My husband and I struggled to conceive naturally and so had to undergo some medical tests and eventually conceive with the assistance of some fertility medication. This process did take a toll on both my body and mind and as a result I did put on some weight before we successfully conceived.
I then, of course, put on some weight whilst pregnant, just under three stone actually, which I think is a lot as the recommended weight gain is around 25-30lbs. However, I mainly had a healthy pregnancy and a healthy child was born two weeks overdue! (Inducement is no fun!). The weight initially came off steadily I am pleased to say, however, it is now four years on and I am still half a stone heavier than I was and of course my body shape has changed.

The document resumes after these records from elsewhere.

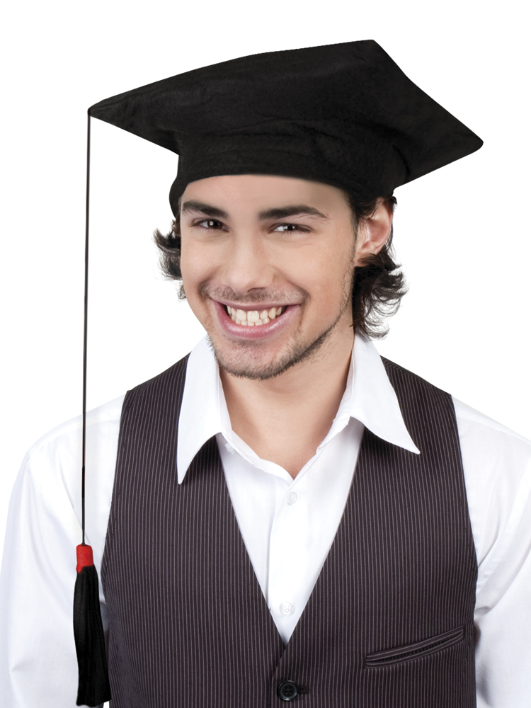 De bekende professor hoed of afstudeerhoed. Gemaakt van stof en met een kwastje aan de zijkant! One size. Super leuk als er iemand is geslaagd.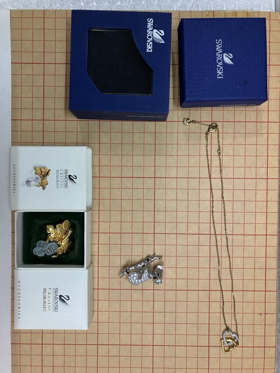 【宅急便コンパクト】スワロフスキー おまとめ 使用済ネックレス+新品ブローチ2ケ【スワロフスキー】
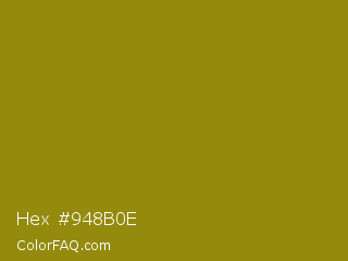 Hex #948b0e Color is a normal yellow color and the nearest color is Dark Yellow #9b870c. Hex code #948b0e and RGB value is rgb(148,139,14). In RGB color space, this color is composed of 58% red, 55% green, 5% blue, In CMYK color space, this color is composed of 0% cyan, 6% magenta, 91% yellow , 42% black , In HSL color space, this color has a hue angle of 56° , 83% saturation and 32% lightness.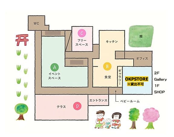 敷地100坪、建物は60坪程度あり、最大で100名もの人が収容できるスペースです。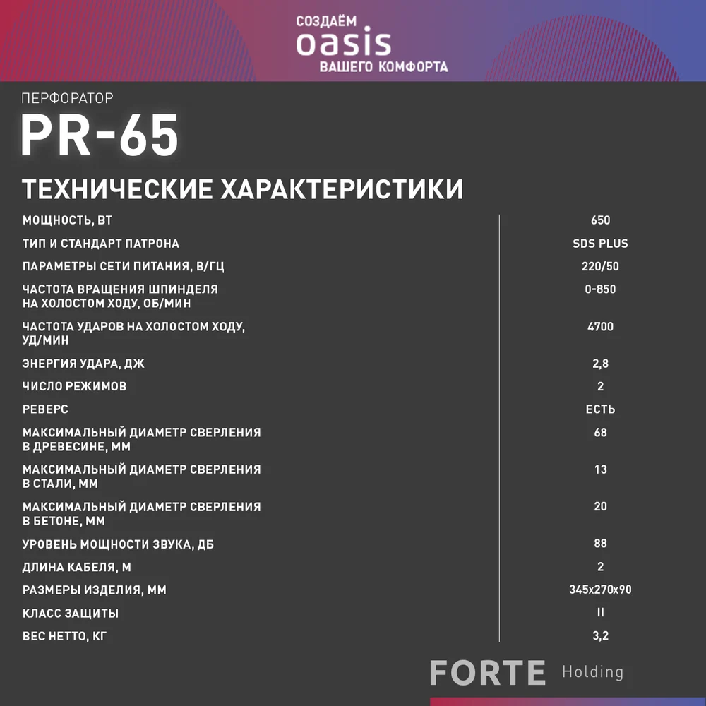 Купить Электрический перфоратор OASIS PR-65 по лучшей цене с доставкой - интернет магазин №1 в России

I have dipped in and out of exercising and healthy eating and changing the diet I follow but it hasn’t been anything I have been able to sustain and it is so easy to make excuses: “I have no time” “I should spend more time with my child” “I’ll do it tomorrow”. In all honesty it is laziness and feeling tired as well as, during the height of my gambling addiction, not having the spare time for exercise or the inclination to worry about what I looked like.
Gambling addiction is quite often considered to be related to the mind and will power, physically your body suffers, but only from the effects of the mind’s addiction
Recently however, I have been exercising more, possibly not to a consistent schedule but it has become more a feature in my lifestyle as has eating better. It is certainly something I intend to work towards going forward. It is truly amazing the positive difference you feel after exercise, achieving something good for yourself. I’ve decided to put some things on this problem gambling blog I have enjoyed because I feel that there is a real place for exercise in the fight against addiction.
I’m not talking marathons here of course, just exercise. Lots of people worry today about looking after the mind, promoting positive wellbeing and having a proactive attitude, but something that really has helped me is just the feeling of physically giving my body some TLC. I went for a run recently on a Sunday afternoon just a 5K and I know it might not sound impressive but the freeing feeling of saying “I’m heading out for a run” and just running on a Sunday afternoon was unbelievable. It also set me up for a positive and productive Monday and I fully intend to try and remember that when it comes to the next day I plan to exercise. My goal will be three times a week which can range from running, gym, yoga and so forth but needs to be 30 minutes or more.
Gambling addiction is quite often considered to be related to the mind and will power, physically your body suffers, but only from the effects of the mind’s addiction. I think you can’t decouple yourself in this way. Your body physically needs nourishment just as the mind does, in a variety of ways, and I think, and hope, that there is much to be gained from refamiliarizing myself with exercise. I’ll let you know how I get on!